Шок был таким полным, таким ледяным, что Алиса не нашла слов. Она, как автомат, собрала свои нераспакованные до конца вещи в рюкзак. Бабушка стояла посреди кухни, отвернувшись к окну, плечи ее вздрагивали. Ни слова прощания, ни взгляда. Алиса вышла, хлопнув калиткой. Первый же рейсовый автобус, дребезжащий и пустой, унес ее прочь от бабушкиного дома, от городка N, от этой нелепой, страшной ссоры и от тайны за проклятой дверью. В глазах стояли слезы обиды и непонимания, а в ушах звенел бабушкин крик.
* * *
Дом опустел. Тишина, обычно такая уютная, теперь давила, как ватное одеяло. Баба Маня стояла перед дверью в Запертую Комнату. На лице не было ни следа прежней ярости или страха. Только холодная, каменная решимость и глубокая, вековая усталость. Она медленно подняла руку. Указательный палец, кривой от артрита, но невероятно точный, повел в воздухе перед дверью. Она рисовала знаки. Быстро, уверенно, с каким-то внутренним знанием. Знаки не оставляли следов на краске, но воздух вокруг двери словно сгущался, становился вязким, тяжелым. Баба Маня шептала. Не молитву, а скорее заклятие, слова были старые, шершавые, как неотесанное полено:
– ...Крепче камня... Глуше земли... Ярче солнца сожжёт... Слушай, тварь подпольная... Слушай и трепещи... Ты думаешь, что сможешь меня обхитрить? Письмецо подсунуть? На внучку мою глаз положил? Нет! Не выйдет! Пока я дышу, пока кровь в жилах стынет не до конца... Мою внучку... Я тебе не отдам! Слышишь? Не отдам! Лежи в своей яме! Гний! И не надейся!
Она закончила рисовать последний знак и опустила руку. Глаза ее, острые, как лед, сверлили дверь. Тишина в доме стала абсолютной. Даже сверчок за печкой замолк. И тогда... Оно ответило.

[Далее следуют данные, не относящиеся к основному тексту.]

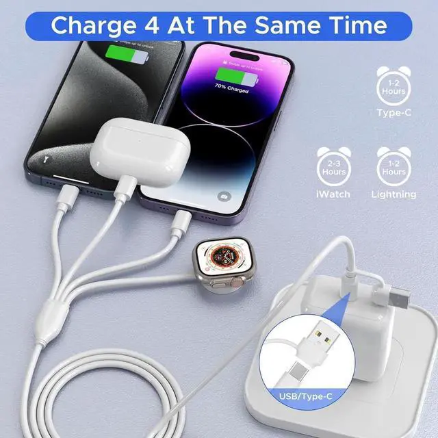 ?? Carbonfree CertifiedEach Amasuki product goes through a cradle-to-grave assessment to determine the products carbon footprint. The carbon emissions associated with the product are reduced where possible and remaining carbon emissions are offset with third-party verified carbon reduction projects in renewable energy energy efficiency and forestry?? Travel EssentialsThis multi charger cable with 4 output ports including 2xL/Type C/iWatch charger. USB A and USB C input connectors allow to charge anywhere. It means you will obtain the maximum use and space with the least cost?? Universal CompatibilityAmasuki Multi USB cable is compatible with iPhone 16/15/14/13/12/11/11 Pro/11 Pro Max/XS; iWatch series Ultra/10/9/8/7/6/SE2/SE/5/4/3/2/1; AirPods and iPads; Galaxy S23 S22 S21 S10 S9 S8 Note 9 8LG G5 G6 V20 Google Pixel Google Nexus 5X 6P other Type-C Android phones.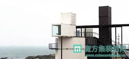在东釜山旅游园区中,设计师利用15只二手集装箱建造了一个独特的度假屋,让游客体验到当地的自然环境和美丽海景。该项目为4-5层建筑,尽管把集装箱无序地堆叠,仍能给人一种简约时尚的视觉冲击感。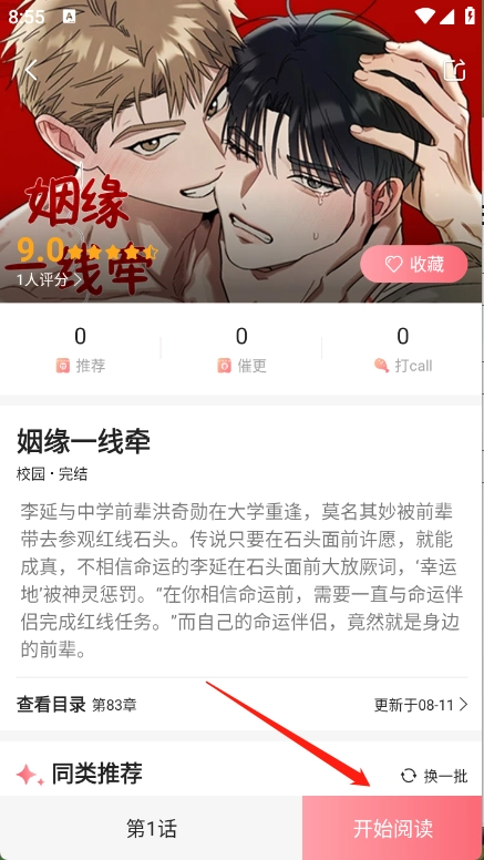 点开想看的漫画资源,点击“开始阅读”。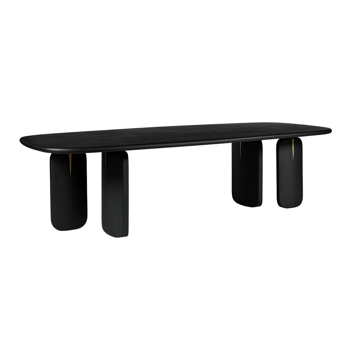 Eclips Dining Table in black brass is a solid wood dining table designed with bold modern form and contemporary presence. Its dark stained finish and strong structure create a statement piece for dining rooms.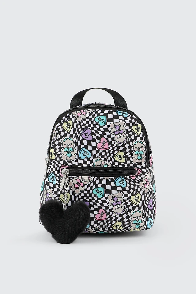 Ardene Kids Backpack with Heart Keychain in Black | 100% Recycled Polyester | Eco-Conscious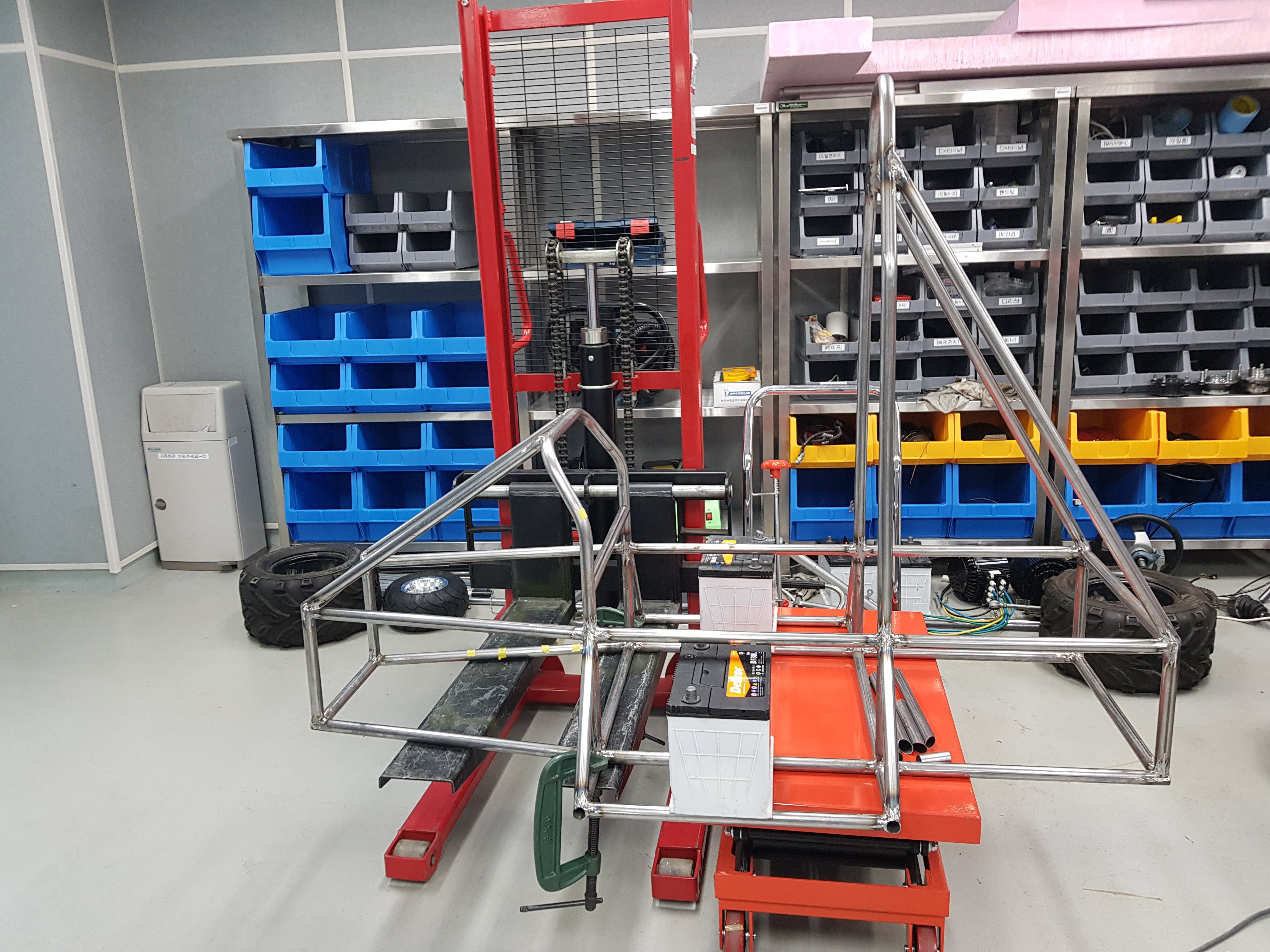우여곡절 끝에 드디어 자동차 프레임이 완성되었다.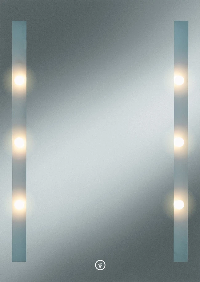 Lichtspiegel ; Maße (BxH): 50,0 cm x 70,0 cm ; Beleuchtung: LED-Beleuchtung, 360 Lumen, 4 Watt, 3.000 Kelvin Warm-Weiß, Sensorschalter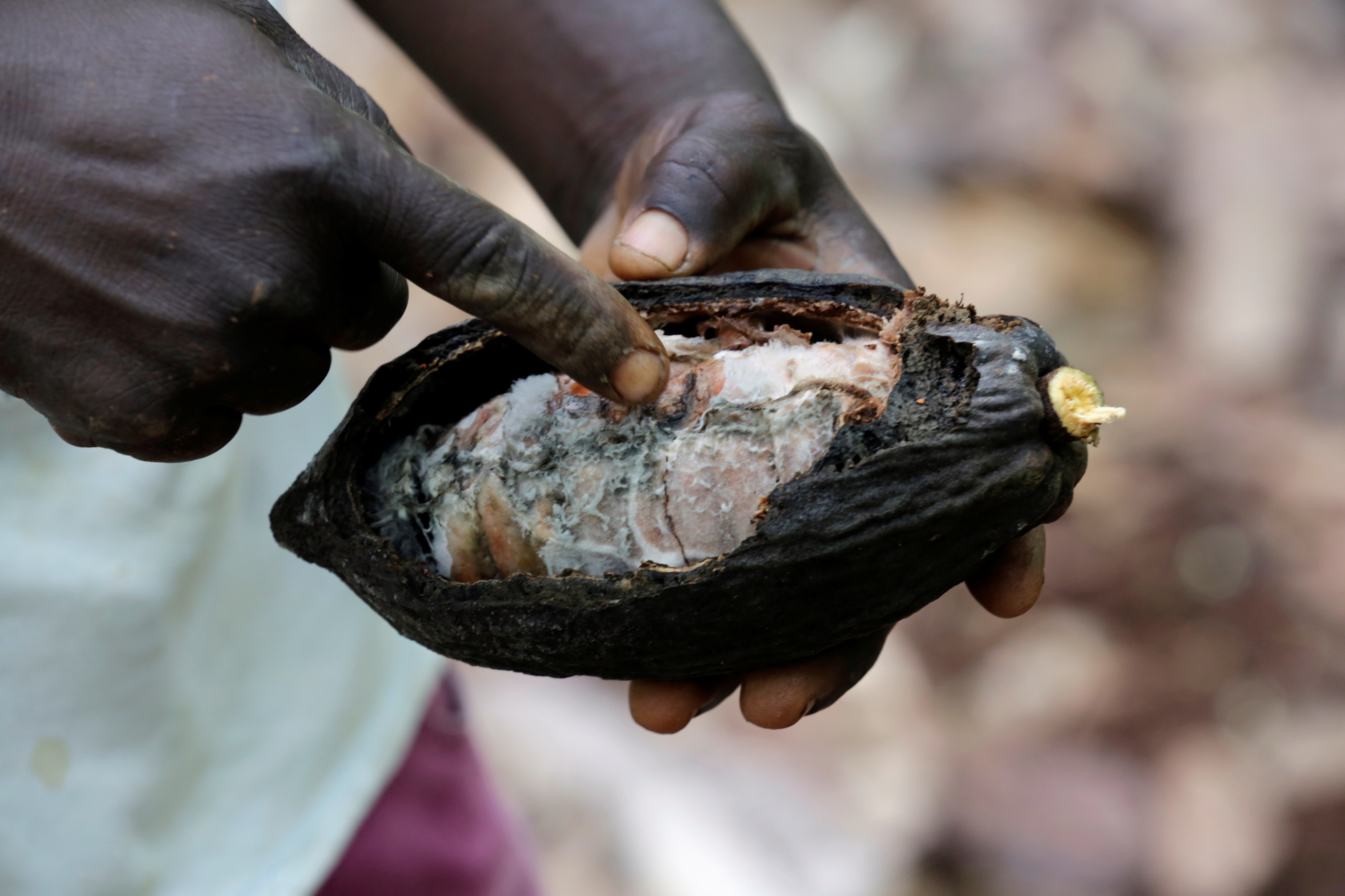 一位農民展示其可可種植園中被腫枝病毀壞的可可豆莢,地點位於科特迪瓦蘇佈雷。路透社/蒂埃裏·古尼翁 購買授權 權利,打開新標籤頁她補充説,作為可可產業核心的該地區強降雨,最終導致巧克力價格幾乎翻倍。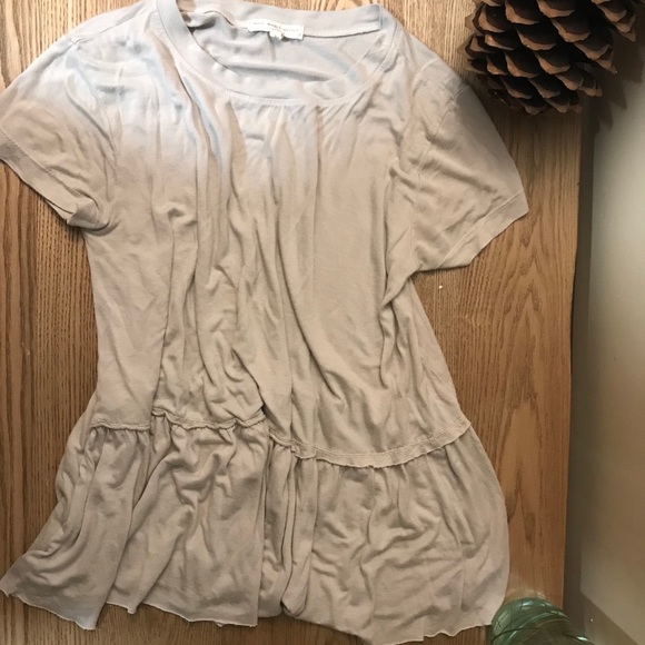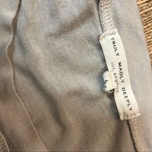 This is a adorable flowy t-shirt by Truly Madly Deeply in a size large. I usually am a size small but was wearing this with leggings or jeggings and it makes for a cute outfit. The flowy ruffle at the bottom give it a super flattering look.

Не звуком, не шепотом. Мыслью. Холодной, ползучей, как слизняк по позвоночнику, мыслью, проникшей прямо в сознание старухи, мимо ушей, мимо разума:
"Она вернётся... Когда тебя не станет."
Баба Маня не дрогнула. Только губы ее плотно сжались в тонкую, белую ниточку. Она повернулась и пошла на кухню, к печке, к вечному чайнику. Ее спина была прямая, непокоренная. Битва была проиграна сегодня. Но война... война длилась уже очень долго. И она знала – это была лишь передышка.